Born in Rabat, Morocco, HELENE E. HAGAN attended high school in Morocco, obtained two Baccalaureates in French and Philosophy with Honors and pursued her education at Bordeaux University, France, where she received a License-es-Lettres in British and American Studies, also with Honors. She holds two Master’s Degrees from Stanford University, California, one in French and Education, (1971) and the other in Cultural and Psychological Anthropology (1983). After conducting fieldwork among the Oglala Lakota people of Pine Ridge Indian Reservation, she worked as Associate Professor at the JFK University Graduate School of Psychology in Orinda, California, and owned an American Indian art gallery in Marin County. She has served as President of the non-profit educational organization, Tazzla Institute for Cultural Diversity, since 1993. She has written numerous newspaper and magazine articles, three anthropological books on Berber (Amazigh) culture and filmed, edited and produced over fifty community service television programs on a variety of topics related to American Indian and Berber cultures, arts, and human right issues, through Amazigh Video Productions of Burbank. Helene Hagan is a lifetime Associate Curator of the Paul Radin Collection at Marquette University Special Archives. In 2007, Helene was a guest Professor for the First Berber Institute held at the University of Oregon, Corvallis. In 2008, she created the Amazigh Film Festival USA which annually celebrates the indigenous Amazigh (Berber and Tuareg) cultures of North Africa and the Sahara Desert.

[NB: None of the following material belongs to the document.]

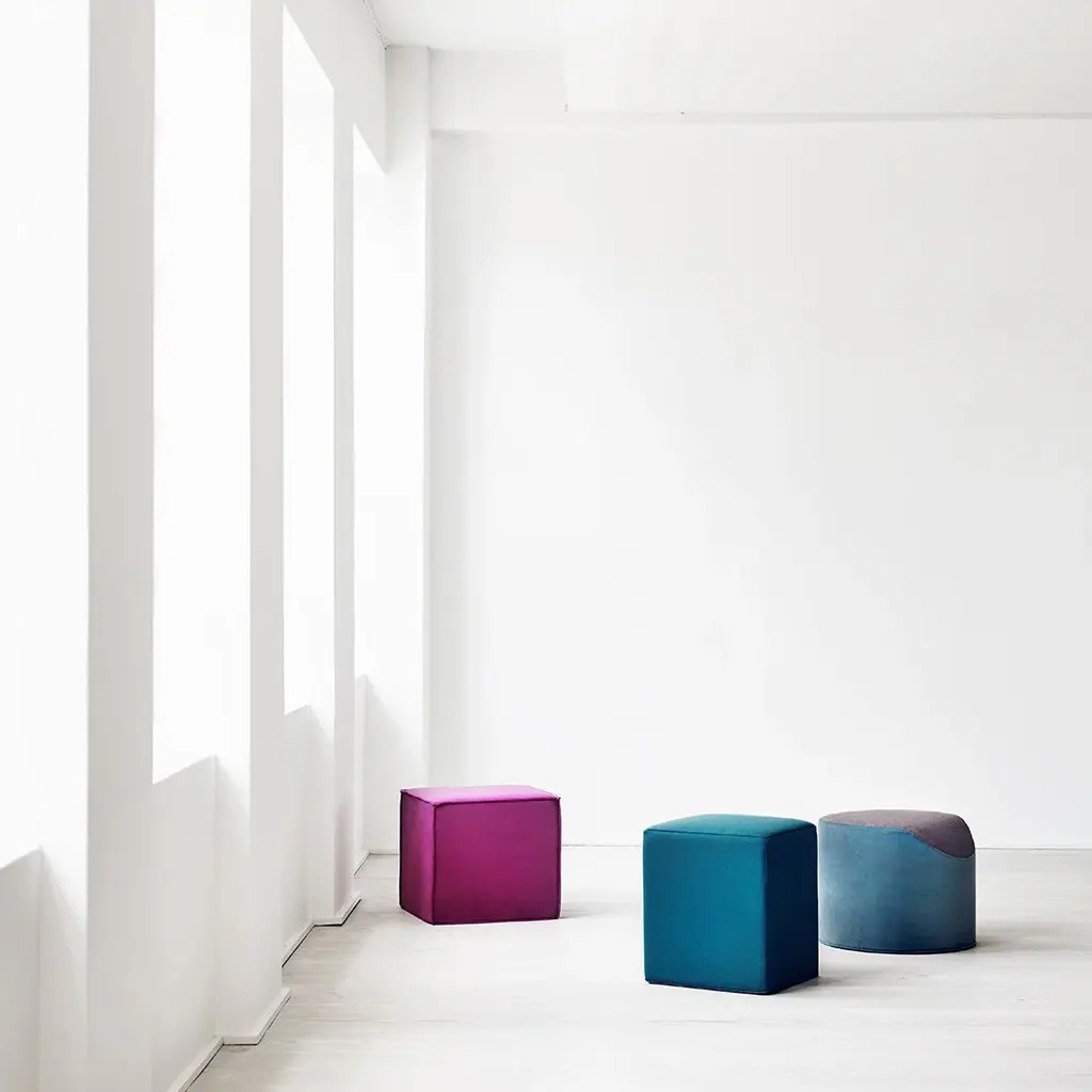 SCULPTURAL CUBES FOR ANY ROOM. With these colourful and decorative poufs you always have an extra comfortable seat at hand. The stitching around the edges is a subtle detail with an elegant, decorative effect. Choose colours and fabrics to create a personal interior design.

Other four books by this author published by Xlibris: “The Shining Ones: Etymological Essay on the Amazigh Roots of Ancient Egyptian Civilization” (2000), “Tuareg Jewelry: Traditional Patterns and Symbols” (2006), “Tazz’unt: Ecology, Ritual and Social Order in the Tessawt Valley of the High Atlas of Morocco” (2011), and “Fifty Years in America, a book of Essays” (2013).